Each event maps to an array of matcher groups; each group has an optional matcher (a tool-name regex) and a hooks array, and each hook is an object with "type": "command" and the command to run. The edited file’s path isn’t an environment variable — Claude Code passes the event payload as JSON on stdin, so a command reads .tool_input.file_path from it (here with jq).

Common uses:

  • SessionStart — validate Node/npm are available, check prerequisites
  • UserPromptSubmit — inject reminders before each response
  • PostToolUse — run linting or formatting checks after file edits (use matcher to filter by tool)

Caution

Hooks run in your shell. A broken hook blocks Claude Code. Keep them simple and fast.

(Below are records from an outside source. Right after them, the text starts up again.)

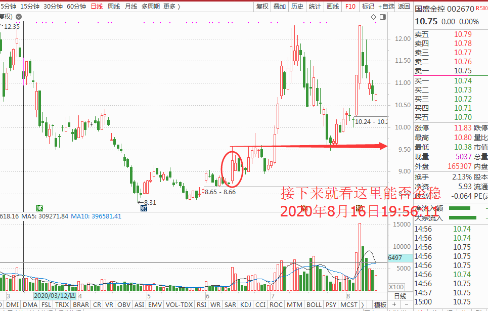这事说大不大说小不小,看技术图形来说在8月7日涨停板反复打开后震荡下破已经有些倪端了,无敌量的阳线是不能下破,下破就有鬼,所以无敌量参照是很有必要的,按照趋势原则总体没有走坏的迹象,需要看箭头位置能否企稳上攻,如图:
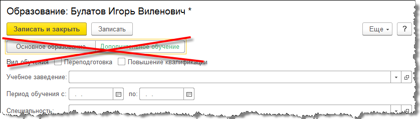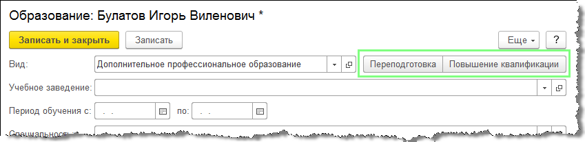 Во-первых, удален избыточный переключатель "Основное образование" и "Дополнительное обучение". Теперь достаточно указать вид образования "Дополнительное профессиональное образование", и после этого появляется переключатель для выбора вида профессиональной подготовки ("Переподготовка" или "Повышение квалификации").
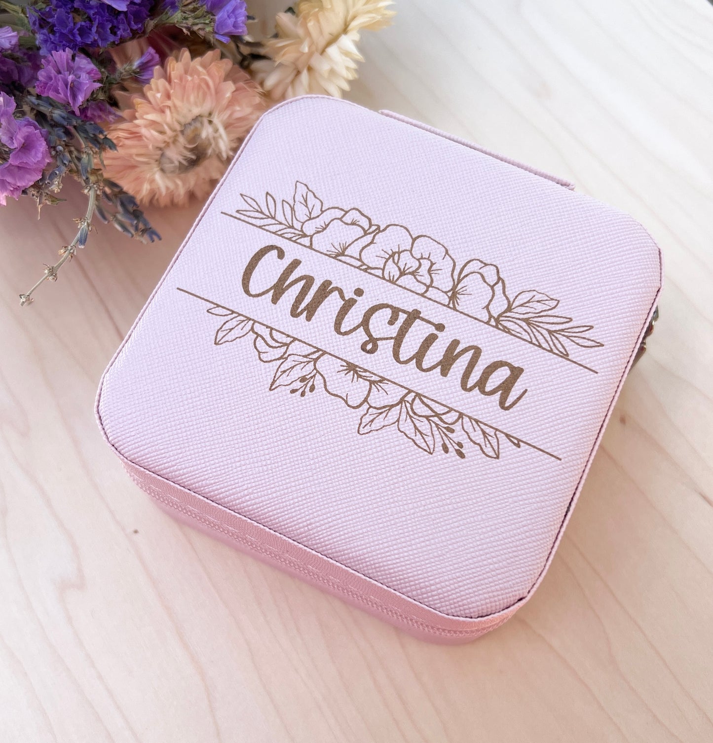 Tags: Bridesmaid | Bride | Mother's Day Gift | Woman's Gift | Custom Jewelry Box | Travel Organizer | Mini Jewelry Box

Test hooks manually before adding them.

Permissions

Claude Code’s permission system controls what tools it can use without asking. Three levels:

  1. Ask every time (default) — Claude asks before every file edit, command, etc.
  2. Allow for session — approve once, applies until conversation ends
  3. Allow permanently — saved in settings, never asks again

For a new project, start with default permissions and promote commands you trust:

  • npm run build — safe to always allow
  • npx playwright test — safe to always allow
  • File edits in src/ — usually safe for session
  • git commit — keep on ask (you want to review)

agent-browser for Visual Review

For web projects, install agent-browser for visual verification:

Terminal window
npm i -g agent-browser
agent-browser install

The workflow:

Terminal window
# Build and preview
npm run build && npx astro preview --port 4322 &
# Open a page
agent-browser open http://localhost:4322/
# Take a screenshot and review
agent-browser screenshot /tmp/review.png
# Check mobile
agent-browser viewport 375 812
agent-browser screenshot /tmp/mobile.png
# Clean up
agent-browser close

Tip

Never rely on code inspection alone for visual changes. A CSS change that looks correct in the source can produce layout breaks, color contrast issues, or overflow problems that only show up in a real browser. agent-browser catches these.

Setup Checklist for a New Project

  1. Create CLAUDE.md with stack, paths, build commands, and boundaries
  2. Run your first prompt: “Read CLAUDE.md, then run the tests”
  3. When Claude gets something wrong, add a rule to CLAUDE.md
  4. After 2-3 sessions, create memory files for persistent context
  5. Add hooks if you need automated checks
  6. For web projects, set up agent-browser and add visual review to CLAUDE.md

The setup compounds. Each rule you add prevents a class of mistakes. After a few sessions, Claude Code becomes genuinely productive — it knows your stack, respects your boundaries, and follows your conventions.